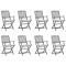 Chaises pliables d'extérieur lot de 8 et coussins Bois d'acaciaCet ensemble de chaises de salle à manger en bois contemporain avec coussins ajoute une touche de style naturel à votre jardin, terrasse ou patio. Cet ensemble de chaises pliables est un excellent choix pour les repas. Ces chaises de salle à manger sont faites de bois d'acacia massif, un bois dur tropical, les rendant résistantes aux intempéries et durables pour des années d'utilisation. Le bois d'acacia massif a la force de soutenir le poids et de résister à l'usure du temps. La surface grise délavée est facile à nettoyer avec un chiffon humide. Les chaises peuvent être repliées pour économiser de l'espace lorsqu'elles ne sont pas utilisées. De plus, les coussins inclus offrent un confort supplémentaire lors des moments de détente ou des repas. Chaque coussin comporte deux ensembles de cordes pour le fixer fermement à la chaise. Remarque : Afin de prolonger la durée de vie de vos meubles d'extérieur, nous vous recommandons de les nettoyer régulièrement et de ne pas les laisser à l'extérieur sans protection inutilement. Nettoyage : Utiliser une solution savonneuse douce Stockage : Si possible, stockez dans un endroit frais et sec à l'intérieur. Si le produit est stocké à l'extérieur, protégez-le avec une housse imperméable. Essuyez et séchez l'excès d'eau ou de neige des surfaces planes après la pluie ou une chute de neige. Permettez une circulation d'air suffisante afin d'éviter les dommages liés à l'humidité. Maximum 110 kg par siège. ,
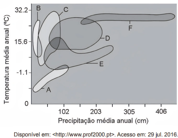 Identifica-se os biomas A, B e F, respectivamente, como:
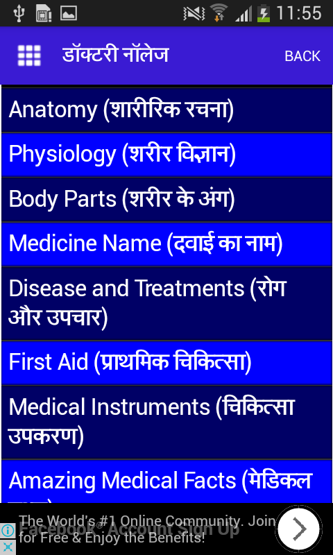 This app provide the various facts and gain knowledge to live a healthy life. This application provide you knowledge about medicine dictionary, hair promblem, Skin Disease and Treatment, Heart Disease Treatment,Ear Nose & Throat disease and treatment etc.

========================================

* WORK INSTRUCTIONS: Copy out exactly the lines from the one with "Identifica-se os biomas" through the end of the listing, both ends included, omitting any picture.

* EXERCISE SOLUTION:
 Identifica-se os biomas A, B e F, respectivamente, como:
 This app provide the various facts and gain knowledge to live a healthy life. This application provide you knowledge about medicine dictionary, hair promblem, Skin Disease and Treatment, Heart Disease Treatment,Ear Nose & Throat disease and treatment etc.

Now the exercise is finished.